[Start of section]
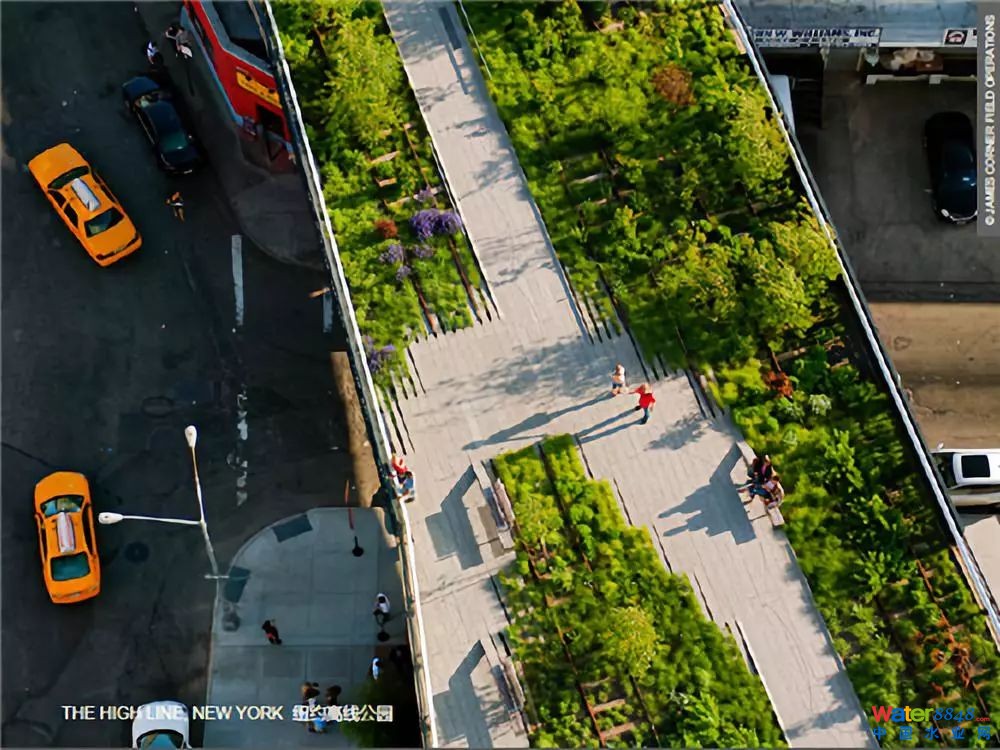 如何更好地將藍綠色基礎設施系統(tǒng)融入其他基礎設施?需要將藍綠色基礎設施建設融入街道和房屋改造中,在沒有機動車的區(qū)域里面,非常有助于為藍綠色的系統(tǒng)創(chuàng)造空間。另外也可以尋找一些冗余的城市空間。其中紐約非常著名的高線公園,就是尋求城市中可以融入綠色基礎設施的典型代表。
[End of section]
[Start of section]
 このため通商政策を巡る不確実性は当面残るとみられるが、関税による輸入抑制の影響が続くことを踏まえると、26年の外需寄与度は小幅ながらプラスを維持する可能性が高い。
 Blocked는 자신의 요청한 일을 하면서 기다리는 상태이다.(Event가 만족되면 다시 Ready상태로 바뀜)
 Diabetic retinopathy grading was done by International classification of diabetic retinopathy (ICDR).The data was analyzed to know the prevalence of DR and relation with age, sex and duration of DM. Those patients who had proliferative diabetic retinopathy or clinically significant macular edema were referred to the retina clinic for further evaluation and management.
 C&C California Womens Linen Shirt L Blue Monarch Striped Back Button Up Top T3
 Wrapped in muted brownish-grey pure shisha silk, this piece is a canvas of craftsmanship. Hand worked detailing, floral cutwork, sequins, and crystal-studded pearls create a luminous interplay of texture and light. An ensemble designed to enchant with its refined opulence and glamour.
[End of section]
[Start of section]
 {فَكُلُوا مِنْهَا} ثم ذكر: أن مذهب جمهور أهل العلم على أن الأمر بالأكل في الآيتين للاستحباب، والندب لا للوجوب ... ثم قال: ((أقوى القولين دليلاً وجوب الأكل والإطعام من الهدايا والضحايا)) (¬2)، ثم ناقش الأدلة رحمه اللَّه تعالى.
[End of section]
◆ INSTRUCTIONS FOR THE TASK ◆
Copy out only the lines of the records above from the one with "C&C California Womens" through the one with "Wrapped in muted", exactly as they stand, both included.

◆ RESPONSE ◆
 C&C California Womens Linen Shirt L Blue Monarch Striped Back Button Up Top T3
 Wrapped in muted brownish-grey pure shisha silk, this piece is a canvas of craftsmanship. Hand worked detailing, floral cutwork, sequins, and crystal-studded pearls create a luminous interplay of texture and light. An ensemble designed to enchant with its refined opulence and glamour.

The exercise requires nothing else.